Every year, Mississippi lawmakers debate the amount to spend on education. As important, perhaps, is the question of how we spend the money.
If Mississippi is serious about improving education, we need to improve the way we allocate the tax dollars that are available.
For almost 30 years, Mississippi has had an antiquated funding formula known as the MAEP, or the Mississippi Adequate Education Program. Complex and arcane, MAEP means we fund a system, not students.
Under MAEP, the money does not always get to where it is most needed: the classroom.
The shortcomings of the MAEP are widely accepted. Indeed, last year saw an 11th hour attempt to dramatically change it. In doing so, the Senate appeared to acknowledge that major change is needed.
You would be forgiven, therefore, for supposing that we might see progress on replacing the old system this session with one that works.
Rep. Roberson and Speaker Jason White support the INSPIRE bill.
At the start of this year’s session, Representative Roberson unveiled the INSPIRE bill, which proposed giving every child in the state a weighted amount of funding, based on their individual circumstances. Different people will no doubt have different views as to how best to weight the amount per student, but everyone ought to be able to agree on the basic principle of funding students, rather than a system.
The House overwhelmingly backed INSPIRE, with majority support on both sides of the aisle. (Indeed, according to the Magnolia Tribune, Democrat support for INSPIRE has increased with each vote). The Governor, also, came out strongly in favor.
I don’t think it is totally fair to say that the Senate is against INSPIRE. It is just that some in the Senate have used various procedural maneuvers to kill it off.
Why?
It can’t be about the amount of money. Most school districts would be better off under INSPIRE. There would be significantly more money. Jackson Public Schools, for example, could receive something like $20 million more in state funding under INSPIRE.

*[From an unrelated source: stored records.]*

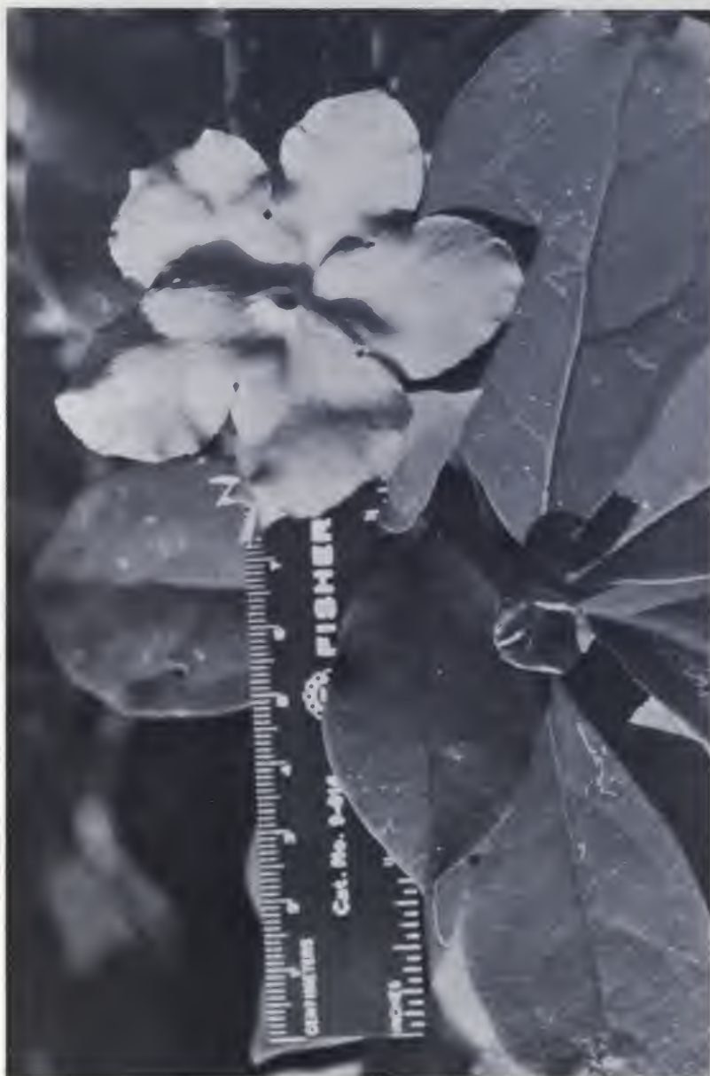
FIG. 2. Brunfelsia imatacana Plowman. Photograph of flowering branch. (From Plowman 1918.)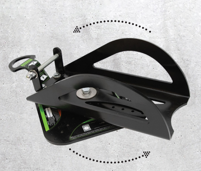
360° base rotation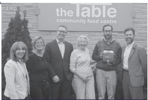
PERTH Donating a defibrillator at The Table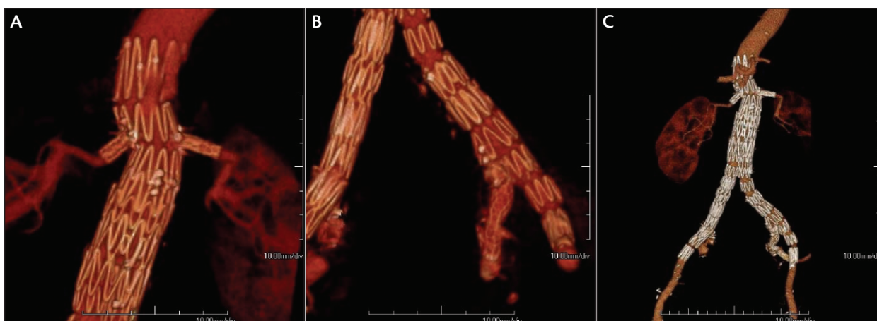
Figure 2. A three-dimensional volume-rendering CT reconstruction of the proximal part of the fenestration graft showing a patent Advanta V12 stent (Atrium Medical Corporation, Hudson, NH) in both renal arteries. The stents are well-flared and positioned adequately (A). A three-dimensional volume-rendering CT reconstruction of the IBD stent showing a patent Advanta V12 stent in the left internal iliac artery (B). A three-dimensional multiplanar CT reconstruction of the fenestration stent graft and IBD (C).

The complexity of her aneurysm anatomy is shown in Figure 1. The CT scan showed an infrarenal abdominal aortic aneurysm with a maximum anteroposterior diameter of 4.2 cm (Figure 1A). The origins of both common iliac arteries were aneurysmal, with the right measuring 3.6 cm in maximum diameter and the left measuring 2.5 cm (Figure 1B). The internal iliac arteries were also aneurysmal, with the right measuring 2.1 cm in diameter (Figure 1C). The renal artery origins were normal, as were the origins of both the superior mesenteric artery and celiac axis.

Some have said that they oppose INSPIRE because it does not have an objective formula for the base student cost. Opposing a funding formula for being insufficiently formulaic sounds to me like scrambling around for a reason to be against it.

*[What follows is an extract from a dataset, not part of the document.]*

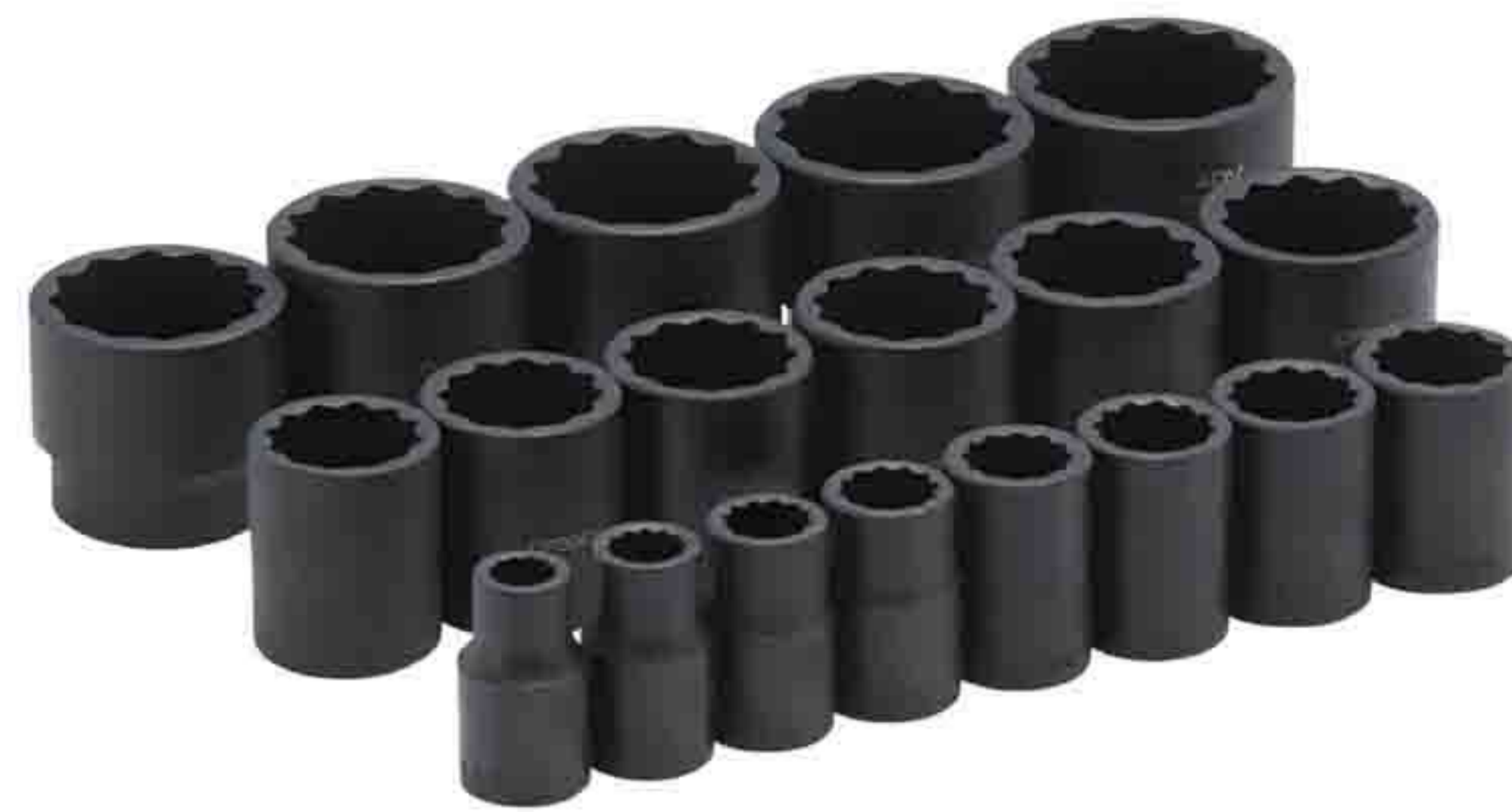
3/4" 系列铬钒钢美式梅花短套筒 3/4" Dr. Socket Series 12PT (CR-V)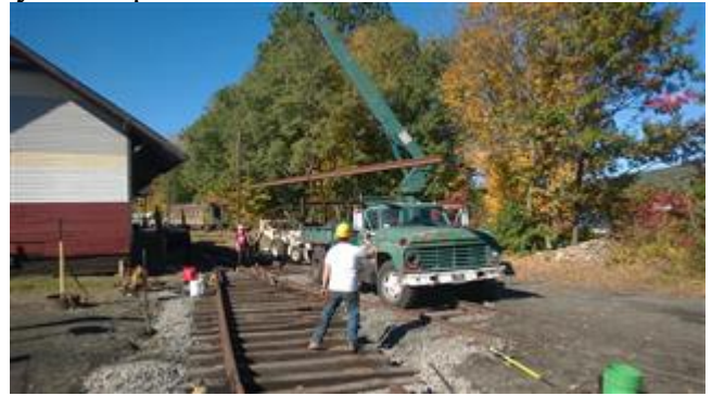
UMass Civil Engineering students help place the last rail in the New Car Barn tracks

Members of the UMass Civil Engineering Club visited twice recently to provide some young backs for trackwork, in exchange for some hands-on experience building railroad track. They learned about placing ties and tie plates, placing rails with the boom truck, spiking rails to ties, gauging track, bending rail with a come-along or rail bender and tamping ties. We all appreciated their energy, enthusiasm and all the work they accomplished.

Some, I suspect oppose INSPIRE because it wasn’t their idea in the first place. If so, then how sad for our state, and what a sad reflection on their leadership.

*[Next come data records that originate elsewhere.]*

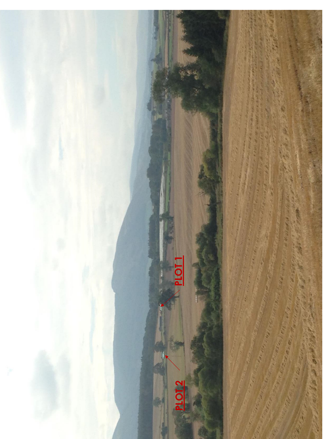
View 05 Looking towards sites from

Looking towards sites from north east on A9 Southbound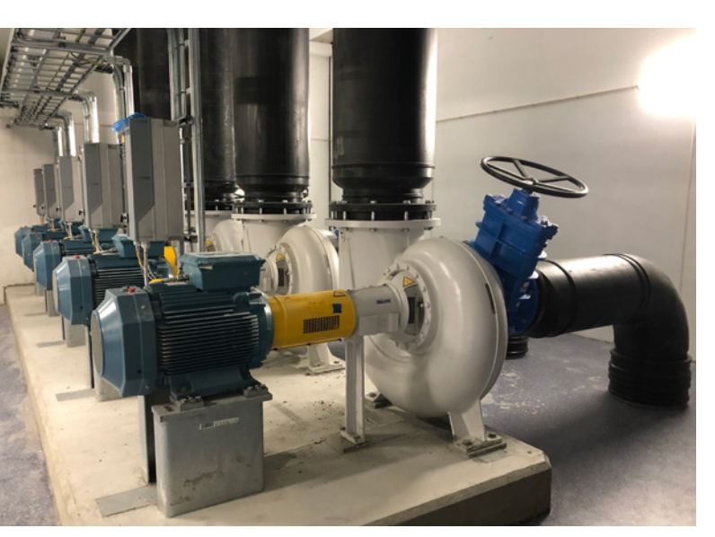
Five AHLSTAR A43-500 recirculation pumping units for brackish water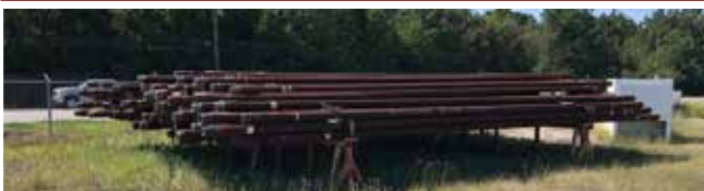
5 In. S-135 Drill Pipe

Planning to sell? Add your equipment to this great lineup.

Governor Tate Reeves strongly supports INSPIRE.
There is a slight chance that we might still see real change. The House has given school funding reform another lifeline, inserting the INSPIRE bill text into SB2693. It is possible that the Senate might yet approve it.
Failing that, I hope that Governor Tate Reeves and Speaker White work together to play hardball, perhaps even extending the session, or holding a special session. Conservatives across the state would rally behind them.
Mississippi deserves better than what we have seen so far this session.